Introduction to Alexa
Amazon’s Alexa is the voice activated, interactive AI Bot, or intelligent personal assistant in the cloud that lets people speak with their Amazon Echo, Echo dot and other Amazon smart home devices. Alexa is designed to respond to number of commands and converse with people.
Alexa Skills are apps that give Alexa even more abilities. These skills can let her speak to more devices or websites.When the Alexa device is connected through wi-fi or Bluetooth to the internet, it wakes up by merely saying “ALEXA”. Alexa Skills radically expands the bots repertoire, allowing users to perform more actions with voice-activated control through Alexa.
Overview of Alexa Skill
The most important part of ALEXA skill is its interaction design. Alexa skills don’t have visual feedback like web or desk top applications and will guide the user through the skill using voice. All Alexa skill replies needs to tell the user clearly what the next options are.

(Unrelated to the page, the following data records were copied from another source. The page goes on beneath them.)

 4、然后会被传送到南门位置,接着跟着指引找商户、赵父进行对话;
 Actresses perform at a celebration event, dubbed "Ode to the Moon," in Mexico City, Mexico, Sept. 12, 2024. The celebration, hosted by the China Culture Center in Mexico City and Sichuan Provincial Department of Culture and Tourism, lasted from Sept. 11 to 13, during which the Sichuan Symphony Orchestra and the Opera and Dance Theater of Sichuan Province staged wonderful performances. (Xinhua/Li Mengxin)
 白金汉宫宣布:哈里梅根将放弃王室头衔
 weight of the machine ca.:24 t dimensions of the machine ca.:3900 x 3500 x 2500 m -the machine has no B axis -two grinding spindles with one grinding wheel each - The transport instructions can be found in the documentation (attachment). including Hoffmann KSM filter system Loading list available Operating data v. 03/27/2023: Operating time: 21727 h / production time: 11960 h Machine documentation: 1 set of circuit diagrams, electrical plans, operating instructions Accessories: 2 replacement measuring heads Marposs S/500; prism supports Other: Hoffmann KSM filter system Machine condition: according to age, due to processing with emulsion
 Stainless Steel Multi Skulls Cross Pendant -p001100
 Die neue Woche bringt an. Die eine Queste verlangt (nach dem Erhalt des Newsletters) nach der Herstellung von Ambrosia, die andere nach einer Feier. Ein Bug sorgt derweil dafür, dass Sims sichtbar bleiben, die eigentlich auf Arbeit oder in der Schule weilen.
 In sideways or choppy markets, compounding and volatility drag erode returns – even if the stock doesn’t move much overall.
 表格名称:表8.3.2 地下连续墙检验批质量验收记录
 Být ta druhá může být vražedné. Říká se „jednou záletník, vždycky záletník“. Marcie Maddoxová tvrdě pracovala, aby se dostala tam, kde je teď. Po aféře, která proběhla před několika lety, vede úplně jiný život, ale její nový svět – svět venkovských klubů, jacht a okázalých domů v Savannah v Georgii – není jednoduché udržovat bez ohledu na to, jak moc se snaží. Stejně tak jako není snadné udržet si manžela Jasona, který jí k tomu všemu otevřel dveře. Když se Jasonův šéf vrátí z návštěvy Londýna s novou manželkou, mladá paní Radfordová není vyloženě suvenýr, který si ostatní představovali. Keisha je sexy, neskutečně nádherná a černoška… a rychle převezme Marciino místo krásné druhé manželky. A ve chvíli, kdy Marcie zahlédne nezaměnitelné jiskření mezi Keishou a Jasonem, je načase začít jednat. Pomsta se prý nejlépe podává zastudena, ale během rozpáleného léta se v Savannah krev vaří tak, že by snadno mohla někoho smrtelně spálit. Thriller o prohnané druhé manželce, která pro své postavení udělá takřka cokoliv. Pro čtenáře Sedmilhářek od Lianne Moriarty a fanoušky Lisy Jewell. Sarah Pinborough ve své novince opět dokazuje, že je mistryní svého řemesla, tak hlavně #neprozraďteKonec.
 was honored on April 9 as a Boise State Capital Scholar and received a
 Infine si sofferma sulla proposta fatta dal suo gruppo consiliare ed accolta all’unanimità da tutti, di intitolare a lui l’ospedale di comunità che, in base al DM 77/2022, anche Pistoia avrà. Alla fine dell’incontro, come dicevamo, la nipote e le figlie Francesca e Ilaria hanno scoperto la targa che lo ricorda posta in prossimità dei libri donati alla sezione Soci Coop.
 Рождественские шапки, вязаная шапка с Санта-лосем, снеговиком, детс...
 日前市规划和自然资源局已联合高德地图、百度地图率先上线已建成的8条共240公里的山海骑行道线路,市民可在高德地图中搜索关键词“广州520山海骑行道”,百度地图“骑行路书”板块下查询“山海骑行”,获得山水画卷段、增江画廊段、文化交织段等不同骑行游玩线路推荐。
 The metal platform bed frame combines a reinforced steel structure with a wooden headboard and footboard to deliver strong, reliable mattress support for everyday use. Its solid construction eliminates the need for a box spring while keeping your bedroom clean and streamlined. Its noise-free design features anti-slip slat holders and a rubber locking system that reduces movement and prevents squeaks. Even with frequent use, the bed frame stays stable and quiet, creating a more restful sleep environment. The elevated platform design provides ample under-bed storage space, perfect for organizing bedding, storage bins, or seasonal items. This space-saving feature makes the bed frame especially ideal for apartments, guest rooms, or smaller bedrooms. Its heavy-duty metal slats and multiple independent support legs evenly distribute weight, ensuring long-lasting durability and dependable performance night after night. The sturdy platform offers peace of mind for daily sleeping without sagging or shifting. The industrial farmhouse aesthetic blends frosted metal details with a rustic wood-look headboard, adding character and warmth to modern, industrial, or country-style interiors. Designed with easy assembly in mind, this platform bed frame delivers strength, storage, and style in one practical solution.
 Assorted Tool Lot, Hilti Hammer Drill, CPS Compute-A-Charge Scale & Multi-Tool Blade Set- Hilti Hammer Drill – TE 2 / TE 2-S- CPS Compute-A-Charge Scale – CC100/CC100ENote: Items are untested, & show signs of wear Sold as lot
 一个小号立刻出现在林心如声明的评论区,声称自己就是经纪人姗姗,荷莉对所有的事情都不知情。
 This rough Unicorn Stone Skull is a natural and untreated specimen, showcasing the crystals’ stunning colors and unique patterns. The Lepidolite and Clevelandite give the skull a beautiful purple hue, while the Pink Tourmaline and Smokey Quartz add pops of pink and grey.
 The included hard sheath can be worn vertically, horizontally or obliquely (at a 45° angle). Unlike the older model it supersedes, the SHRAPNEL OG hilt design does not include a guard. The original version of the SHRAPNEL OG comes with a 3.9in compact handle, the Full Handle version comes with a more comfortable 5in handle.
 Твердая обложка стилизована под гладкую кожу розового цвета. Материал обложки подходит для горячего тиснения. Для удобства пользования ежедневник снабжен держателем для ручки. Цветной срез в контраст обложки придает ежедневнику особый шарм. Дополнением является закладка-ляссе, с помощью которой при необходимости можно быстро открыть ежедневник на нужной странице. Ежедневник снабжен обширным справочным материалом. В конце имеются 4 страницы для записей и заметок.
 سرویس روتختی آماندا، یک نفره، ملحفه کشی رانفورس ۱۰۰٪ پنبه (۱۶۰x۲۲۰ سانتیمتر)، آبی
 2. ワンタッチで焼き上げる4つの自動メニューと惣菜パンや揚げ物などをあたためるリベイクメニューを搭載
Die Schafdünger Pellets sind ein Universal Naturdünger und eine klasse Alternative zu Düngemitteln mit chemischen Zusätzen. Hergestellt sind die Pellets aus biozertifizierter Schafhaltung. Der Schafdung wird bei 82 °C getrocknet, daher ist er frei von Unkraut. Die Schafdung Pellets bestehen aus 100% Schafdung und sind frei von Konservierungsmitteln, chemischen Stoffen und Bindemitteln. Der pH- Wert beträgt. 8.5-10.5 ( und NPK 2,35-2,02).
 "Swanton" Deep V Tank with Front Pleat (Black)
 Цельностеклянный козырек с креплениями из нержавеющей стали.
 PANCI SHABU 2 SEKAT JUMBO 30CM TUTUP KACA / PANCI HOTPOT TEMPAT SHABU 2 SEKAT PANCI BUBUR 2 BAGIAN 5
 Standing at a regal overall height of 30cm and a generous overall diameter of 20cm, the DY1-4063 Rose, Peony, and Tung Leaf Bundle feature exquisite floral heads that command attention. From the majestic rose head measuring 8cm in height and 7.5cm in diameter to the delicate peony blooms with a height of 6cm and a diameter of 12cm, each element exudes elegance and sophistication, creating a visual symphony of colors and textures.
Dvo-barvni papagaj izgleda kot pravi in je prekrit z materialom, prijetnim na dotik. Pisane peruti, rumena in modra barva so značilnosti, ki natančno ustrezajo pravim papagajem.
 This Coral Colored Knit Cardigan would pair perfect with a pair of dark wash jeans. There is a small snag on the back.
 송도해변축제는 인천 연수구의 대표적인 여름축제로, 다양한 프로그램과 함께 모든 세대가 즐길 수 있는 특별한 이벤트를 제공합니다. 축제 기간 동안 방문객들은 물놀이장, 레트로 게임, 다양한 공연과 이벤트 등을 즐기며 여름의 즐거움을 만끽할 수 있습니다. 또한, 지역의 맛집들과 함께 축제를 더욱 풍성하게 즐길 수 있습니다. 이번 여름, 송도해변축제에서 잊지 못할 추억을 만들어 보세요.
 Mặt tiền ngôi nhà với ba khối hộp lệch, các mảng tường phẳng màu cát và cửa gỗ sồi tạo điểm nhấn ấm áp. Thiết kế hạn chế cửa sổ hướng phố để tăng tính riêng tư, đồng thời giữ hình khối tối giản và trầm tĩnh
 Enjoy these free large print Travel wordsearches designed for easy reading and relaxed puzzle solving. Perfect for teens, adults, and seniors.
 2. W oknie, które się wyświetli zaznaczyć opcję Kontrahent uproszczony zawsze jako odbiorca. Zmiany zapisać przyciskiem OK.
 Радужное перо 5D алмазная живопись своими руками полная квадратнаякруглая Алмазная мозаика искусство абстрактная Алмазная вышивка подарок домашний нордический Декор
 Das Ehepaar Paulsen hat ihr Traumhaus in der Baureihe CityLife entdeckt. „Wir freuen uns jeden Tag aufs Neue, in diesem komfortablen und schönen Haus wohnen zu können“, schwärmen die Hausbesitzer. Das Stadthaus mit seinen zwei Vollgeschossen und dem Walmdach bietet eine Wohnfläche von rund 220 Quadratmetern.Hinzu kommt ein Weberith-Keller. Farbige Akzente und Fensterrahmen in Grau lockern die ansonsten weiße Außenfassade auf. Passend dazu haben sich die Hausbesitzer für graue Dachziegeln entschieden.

An Alexa skill is a small application that interacts with Alexa via an AWS Lambda function
Designing the Alexa Skill
The most important aspect of the skill is its Vocal interface. The skill should be interacting naturally with the user. The components of Alexa Skill are :
- Alexa requires a word, often called as Wake phrase which would alert the device that they can expect a command immediately after.The Default wake phrase is ALEXA. It can also be Amazon, Echo,Computer.
- Launch Phrase is the word that tells Alexa to trigger a skill. Examples of Launch phrase are “ OPEN”, “ASK” , “START”, “LAUNCH”.
- Invocation name is the name of the skill.
- Intents are the goals that the user is trying to achieve by invoking the skill.
- Utterance tells alexa what the skill should do. Apart from Static utterances such as Start and Launch, dynamic commands can be added. These Dynamic commands are called slots.
- Each intent can contain one or more slots. A Slot is the variable that is parsed and exposed to the application code.
Alexa has a built in natural language processing engine. To Map the verbal phrase to an intent, Alexa handles the complexity of natural language processing through the help of a manually curated file Sampleutterances.txt.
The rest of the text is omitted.